A groundbreaking study by the University of Southern Queensland has shed light on this alarming trend. Changes in the prevalence of dementia in Australia and its association with geographic remoteness study , led by PhD student Rezwanul Haque, found that city residents have a 1.12 times higher likelihood of developing dementia, compared with those in rural areas. 

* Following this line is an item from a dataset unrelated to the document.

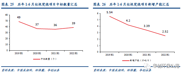 根據(jù)不完全統(tǒng)計,2022年1-6月全國垃圾焚燒發(fā)電項目開標(biāo)數(shù)量為39個,投資總額約為145.09億人民幣,新增產(chǎn)能2.52萬噸/日,垃圾處理單價平均值為91.18元/噸。盡管中標(biāo)項目數(shù)量較去年同期有所提升,但訂單的釋放省份多數(shù)位于中部地區(qū),日處理量超過1000噸僅6個(2021年同期為13個),故新增產(chǎn)能和投資額同比分別下滑25.66%和13.96%至2.52萬噸與145.09億元。但后補(bǔ)貼時代,新中標(biāo)的垃圾焚燒發(fā)電項目噸垃圾處置費(fèi)上浮明顯,較2021H1平均值84.04元/噸增長8.5%至91.18元。

Statistics from the study are concerning. Between 2015 and 2018, the overall prevalence of dementia in Australia rose from 0.84% to 0.89%. More strikingly, in major cities, dementia cases reached 5590 per 100,000 people in 2018, an 11% increase from 2015. 

In stark contrast, dementia cases in outer regional and remote areas decreased by 21% during the same period.

Why city dwellers are more likely to develop dementia

The study’s co-author, Professor Khorshed Alam, suggests that environmental factors play a significant role in the city numbers. 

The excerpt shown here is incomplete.